わたしがよく引き合いに出すのは、LCC(格安航空会社)のPeach Aviation株式会社の話です。海外で成功したLCCの波がそろそろ日本にもやってくるという時期に、ANAホールディングス株式会社は先手を打ってLCCへの参入を決めました。そこで当時の経営者は3人の社員を指名し、LCCの設立準備に着手させました。

大手航空会社がLCCを作るというのは、究極のカニバリズムじゃないですか。考えようによっては、自分たちのビジネスをただ安くするだけと社内からとらえられかねない。当然、猛反発が起きることが予想されました。それで経営者はどうしたかというと、指名した3人の設立メンバーを香港に転勤させて、現地でLCCを立ち上げさせたのです。その後、現地のファンドからの出資も得ることができて、日本で事業を始めたらインバウンド需要が急に増えたこともあって、見事成功しました。

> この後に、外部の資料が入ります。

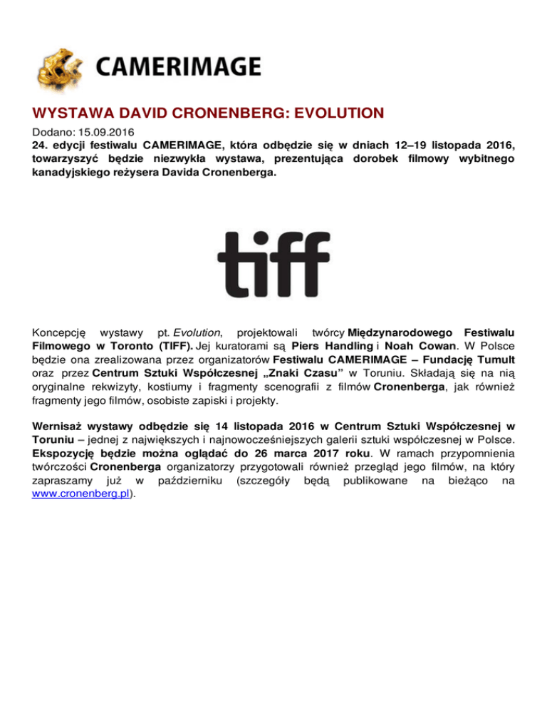 WYSTAWA DAVID CRONENBERG: EVOLUTION Dodano: 15.09.2016 24. edycji festiwalu CAMERIMAGE, która odbędzie się w dniach 12–19 listopada 2016, towarzyszyć będzie niezwykła wystawa, prezentująca dorobek filmowy wybitnego kanadyjskiego reżysera Davida Cronenberga. Koncepcję wystawy pt. Evolution, projektowali twórcy Międzynarodowego Festiwalu Filmowego w Toronto (TIFF). Jej kuratorami są Piers Handling i Noah Cowan. W Polsce będzie ona zrealizowana przez organizatorów Festiwalu CAMERIMAGE – Fundację Tumult oraz przez Centrum Sztuki Współczesnej „Znaki Czasu” w Toruniu. Składają się na nią oryginalne rekwizyty, kostiumy i fragmenty scenografii z filmów Cronenberga, jak również fragmenty jego filmów, osobiste zapiski i projekty. Wernisaż wystawy odbędzie się 14 listopada 2016 w Centrum Sztuki Współczesnej w Toruniu – jednej z największych i najnowocześniejszych galerii sztuki współczesnej w Polsce. Ekspozycję będzie można oglądać do 26 marca 2017 roku. W ramach przypomnienia twórczości Cronenberga organizatorzy przygotowali również przegląd jego filmów, na który zapraszamy już w październiku (szczegóły będą publikowane na bieżąco na www.cronenberg.pl). Wystawa zorganizowana we współpracy z TIFF. Kuratorzy: Piers Handling i Noah Cowan. Autorem plakatu jest Krzysztof Białowicz. David Cronenberg jest jednym z najwybitniejszych twórców filmowych na świecie. Jego twórczość także w Polsce zdobyła status kultowej. Filmy takie jak Dreszcze, Wściekłość, Nierozłączni, Fast Company, Pomiot, Skanerzy, Wideodrom, Mucha, Nagi Lunch, Crash Niebezpieczne pożądanie, eXistenZ, Martwa Strefa, M. Butterfly, Pająk, Historia przemocy, Wschodnie obietnice, Niebezpieczna metoda, Cosmopolis czy Mapy gwiazd wyróżniają się indywidualną, oryginalną formą i tematyką, wzbudzając przy tym wiele kontrowersji. Od wielu lat Cronenberg jest przez krytyków na całym świecie uznawany za jednego z najbardziej wpływowych współczesnych reżyserów. W roku 1999 przewodniczył jurorom festiwalu w Cannes, a w 2006 roku ten prestiżowy festiwal wyróżnił go nagrodą za całokształt twórczości. David Cronenberg, dzięki uprzejmości Caitlin Cronenberg Cronenberg angażuje się często w inne działania artystyczne – w 2006 roku współtworzył wystawę Andy Warhol / Supernova: Stars, Death and Disasters, 1962 – 1964. Był autorem ścieżki dźwiękowej ilustrującej tę wystawę, zawierającej m.in. komentarze współczesnych Warholowi artystów – Dennisa Hoopera, Amy Taubin czy Jamesa Rosenquista. W 2008 roku Cronenberg przygotował unikatową adaptację sceniczną swojego słynnego filmu Mucha, wystawianą następnie na deskach Théâtre du Châtelet i opery w Los Angeles. W 2014 roku wydał swoją pierwszą powieść, zatytułowaną Skonsumowana. Za swój dorobek artystyczny i dokonania na polu kultury i sztuki David Cronenberg otrzymał kilka prestiżowych odznaczeń, w tym m. in. Order Kanady (The Order of Canada, 2015), francuski Order Sztuki i Literatury (Ordre des Arts et des Lettres, 2009) oraz Legię Honorową (Legion d’honneur, 2009). Od 2011 roku jest również członkiem Brytyjskiego Instytutu Filmowego. David Cronenberg: Evolution, TIFF Bell Lightbox, 2013 zdj. Tom Arban David Cronenberg: Evolution, TIFF Bell Lightbox, 2013 zdj. Tom Arban Na tle współczesnej kultury dorobek filmowy Davida Cronenberga stanowi jedną z najbardziej intrygujących refleksji dotyczących ewolucji istoty ludzkiej. Wystawa David Cronenberg: Evolution została pomyślana w ten sposób, by poprzez prezentację oryginalnych rekwizytów, fragmentów dekoracji i scenografii z filmów zestawić widoczny w twórczości reżysera proces dojrzewania artystycznego z jego nieustającą refleksją o możliwościach ewolucji człowieka. Wystawa podzielona jest na trzy sekcje, które odpowiadają chronologicznemu i tematycznemu rozwojowi twórczości Cronenberga. Podział ten odzwierciedla widoczne w twórczości reżysera przejście od fascynacji wewnętrzną strefą ciała i umysłu, z ich dążeniami i niekontrolowanymi możliwościami, do obserwacji świata zewnętrznego, ukształtowanego przy pomocy tych sił. Wystawa David Cronenberg: Evolution jest hołdem dla wybitnego filmowca, ale także dla jednego z najbardziej wpływowych i prowokujących myślicieli naszych czasów. 14.11.2016 – 26.03.2017 Centrum Sztuki Współczesnej „Znaki Czasu” w Toruniu, Wały Gen. Sikorskiego 13 WYSTAWA Zorganizowana we współpracy z TIFF. Kuratorzy: Piers Handling i Noah Cowan. Zorganizowana w Polsce przez Fundację Tumult_Festiwal CAMERIMAGE i Centrum Sztuki Współczesnej „Znaki Czasu” w Toruniu, we współpracy z Fundacją Sztuki Świata. Producent: Marek Żydowicz Narzędzia chirurgiczne do zabiegów na mutantkach Rekwizyty z filmu Nierozłączni, 1988 Zbiory Davida Cronenberga, Biblioteka materiałów filmowych TIFF Makieta restauracji transsyberyjskiej z filmu Wschodnie obietnice, 2007 Dzięki uprzejmości Carola Spiera Accumicon – hełm firmy Spectacular Optometry International Rekwizyt z filmu Wideodrom, 1983 Zbiory Davida Cronenberga, Biblioteka materiałów filmowych TIFF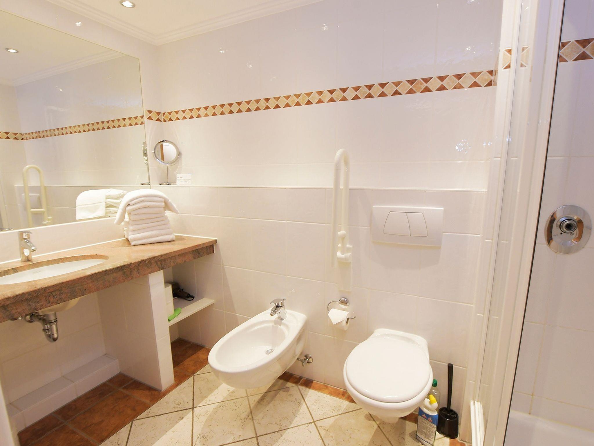 Unsere Bäder im Neubautrakt sind ausgestattet mit Dusche, WC, Bidet, großem Waschtisch mit Spiegel, ausreichend Ablageflächen, Fußbodenheizung, Handtuchtrockner und Radio.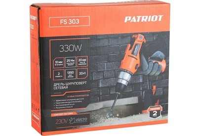 PATRIOT 120301303 Дрель-шуруповерт сетевая FS 303, 2 скор., мощность 330Вт, макс. крутящий момент 25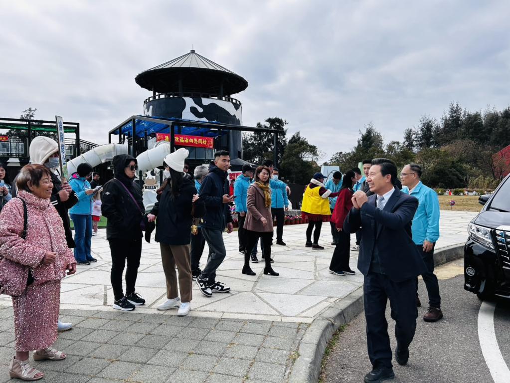 縣長陳福海走春拜年首站即從水試所浯島媽祖平安鹽祭開始,除祈求風調雨順、縣運昌隆外,也祈願鄉親福慧吉祥、闔家平安;畜試所是走訪第二站,熱情鄉親、親切笑容溫暖冰冷冬天,畜試所提供冰品及熱鮮乳做公益亦是吸引大批人潮,不畏寒風善心令人敬佩。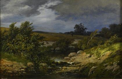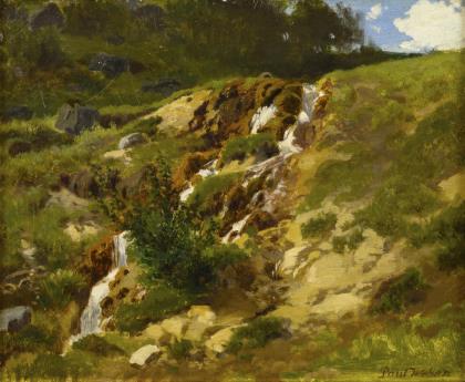 Impressionist late 19th century: Landscape with brook.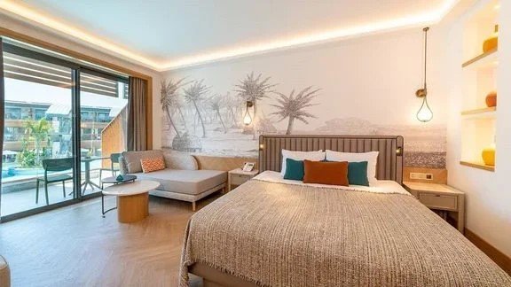 Kétágyas szoba medencekapcsolattal: A kényelmes, ízlésesen berendezett szoba egy hálószobával rendelkezik, amelyben egy franciaágy és egy egyszemélyes ágy található, legfeljebb három felnőtt elszállásolására alkalmas. A vendégek kényelmét légkondicionálás, zuhanyzó, hajszárító, papucs, fürdőszoba és külön WC biztosítja. A szoba felszereltségéhez tartozik LED televízió, telefon, minibár, tea- és kávéfőző készlet, széf, ingyenes Wi-Fi, erkély, valamint gőzvasaló és vasalódeszka.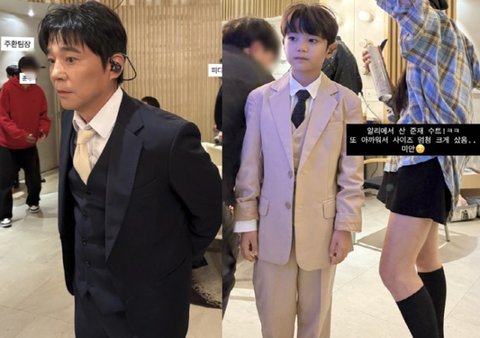 사진 속에는 스타일링을 받고 있는 임창정의 넷째 아들 준재 군의 모습이 담겨있다. 이때 귀에는 인이어를 낀 채 다소 긴장한 듯한 준재 군의 표정이 귀여움 가득했다. 해당 모습은 무대에 오르기 전 준비 중인 임창정과 똑 닮아있어 시선을 끈다. 특히 이 과정에서 수트에 넥타이까지 착용한 준재 군은 큰 눈망울에 또렷한 이목구비 등 훈훈한 비주얼을 자랑하고 있어 감탄을 자아낸다.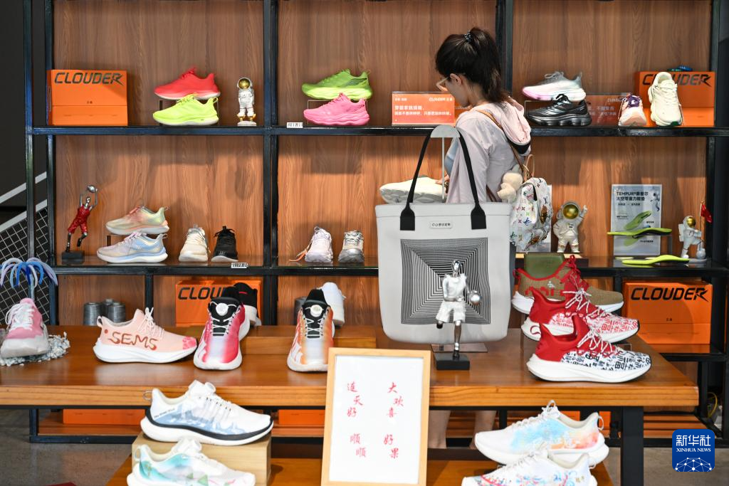 8月19日,消费者在福建莆田双驰科技定制工厂店挑选个性化定制鞋。新华社记者 周义 摄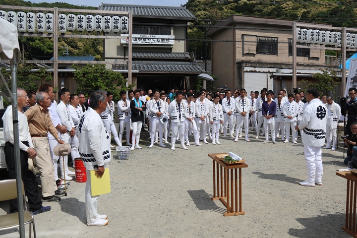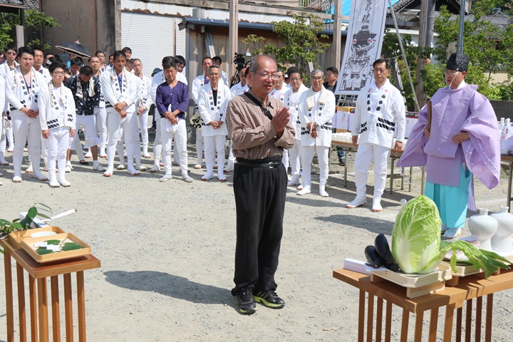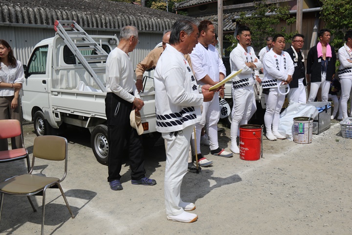 ![]() 昇魂式を前に役員の挨拶。 |
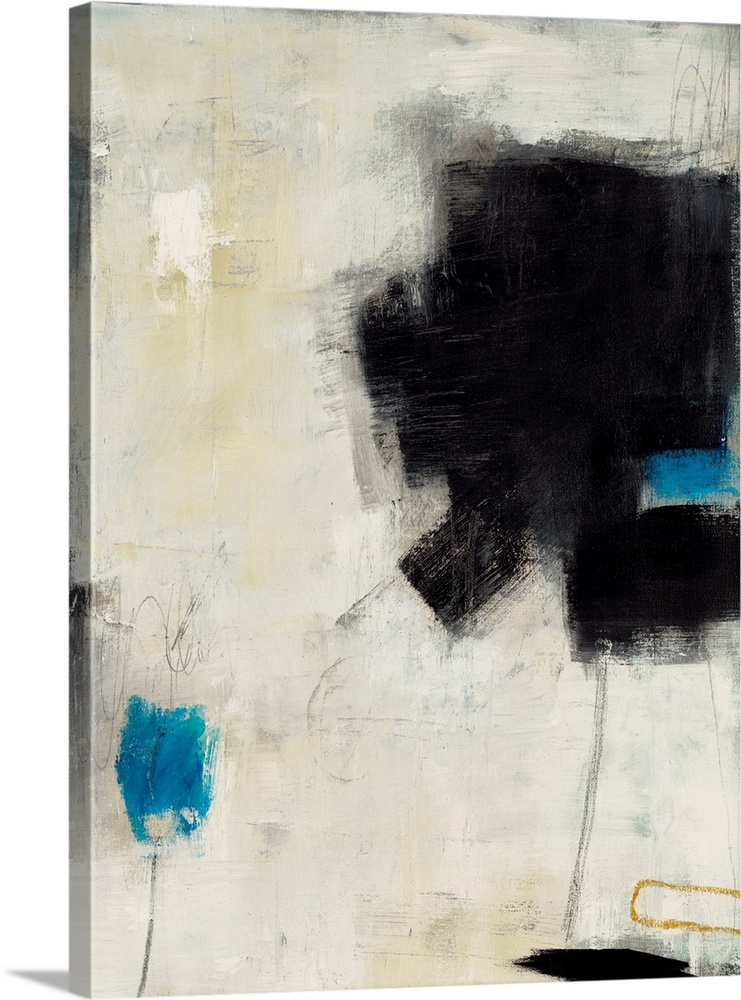 <p>Dynamic abstract painting featuring bold black forms against a textured cream and white background, accented by vibrant electric blue and subtle gold lines. Modern, expressive, and sophisticated.</p>

つまり、物理的に離すことで、新しい組織を守ってあげる。そして、責任は経営者が持つ。大企業が新しい事業を起こすなら、このLCCの例のように組織を完全に特別扱いにすることが非常に重要だと思います。

髙本
なるほど。そのご説明、すごく腹落ちしますね(笑)。

入山
お役に立てればうれしいです。今日は日立さんの新しい取り組みを伺うことができてよかったです。すごく刺激的な時間でした。

髙本
こちらこそ、いろいろ勉強になりました。お忙しい時期に貴重なお時間をいただき、ありがとうございました。これからも、先生とは関係を深めさせていただけましたら幸いです。

画像1: 対談 個を輝かせる人事
【第5回】情熱、そして「知の探索」

入山章栄(いりやまあきえ)
1972年生まれ。慶應義塾大学経済学部卒業、同大学院経済学研究科修士課程修了。株式会社三菱総合研究所で主に自動車メーカーや国内外政府機関へのコンサルティング業務に従事した後、2008年に米ピッツバーグ大学経営大学院よりPh.D.(博士号)を取得。同年より米ニューヨーク州立大学バッファロー校ビジネススクール助教授を務め、2013年から早稲田大学ビジネススクール准教授。経営戦略論および国際経営論を専門とし、Strategic Management Journalをはじめ国際的な主要経営学術誌に論文を数多く発表している。著書に『世界の経営学者はいま何を考えているのか』(英治出版,2012年)、『ビジネススクールでは学べない世界最先端の経営学』(日経BP社,2015年)。

画像2: 対談 個を輝かせる人事
【第5回】情熱、そして「知の探索」

髙本真樹(たかもとまさき)
1986年、株式会社日立製作所に入社。大森ソフトウェア工場(当時)の総務部勤労課をはじめ、本社社長室秘書課、日立工場勤労部、電力・電機グループ勤労企画部、北海道支社業務企画部を経験。都市開発システム社いきいきまちづくり推進室長、株式会社 日立博愛ヒューマンサポート社社長などを経て、現在システム&サービスビジネス統括本部 人事総務本部 担当本部長を務め、ヒューマンキャピタルマネジメント事業推進センタ長を兼任。全国の起業家やNPOの代表が出場する「社会イノベーター公志園」(運営事務局:特定非営利活動法人 アイ・エス・エル)では、メンターとして出場者に寄り添い共に駆け抜ける "伴走者"も務めている。